You are doing this in the most excruciatingly difficult manner possible. I'd suggest taking the lazy man's route.
Realize that an XpsDocument is just a wrapper on a FixedDocumentSequence, which contains zero or more FixedDocuments, which contains zero or more FixedPages. All these types can be created, manipulated and combined without writing XML.
All you really need to do is create a FixedPage with whatever content on it you need. Here's an example:
static FixedPage CreateFixedPage(Uri imageSource)
{
FixedPage fp = new FixedPage();
fp.Width = 320;
fp.Height = 240;
Grid g = new Grid();
g.HorizontalAlignment = System.Windows.HorizontalAlignment.Center;
g.VerticalAlignment = System.Windows.VerticalAlignment.Center;
fp.Children.Add(g);
Image img = new Image
{
UriSource = imageSource,
};
g.Children.Add(image);
return fp;
}
This is all WPF. I'm creating a FixedPage that has as its root a Grid, which contains an Image that is loaded from the given Uri. The image will be stretched to fill the available space of the Grid. Or, you could do whatever you want. Create a template as a UserControl, send it text to place within itself, whatever.

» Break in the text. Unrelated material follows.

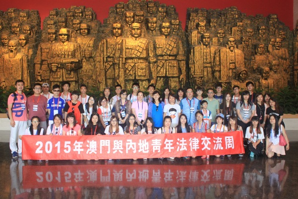 第八届“‘爱祖国、学法律、创和谐’澳门与内地青年法律交流周”于2015年8月9日至13日在北京成功举办。交流周由中国法学会、共青团中央共同主办,司法部、教育部协办,澳门特区政府法务局提供协助。来自澳门大学、澳门科技大学等高校法学院学生、教师,以及北京大学、清华大学部分法学院学生共计近60名团员参加活动。活动还得到北京市监狱管理局、北京市未成年犯管教所、北京大学等接待单位的大力配合。活动具体组织工作由中国法学学术交流中心牵头,与中国法学会法律信息部、中国法学交流基金会合作承担。

Next, you just need to add a bunch of fixed pages to an XpsDocument. It's incredibly hard, so read carefully:
public void WriteAllPages(XpsDocument document, IEnumerable<FixedPage> pages)
{
var writer = XpsDocument.CreateXpsDocumentWriter(document);
foreach(var page in pages)
writer.Write(page);
}
And that's all you need to do. Create your pages, add them to your document. Done.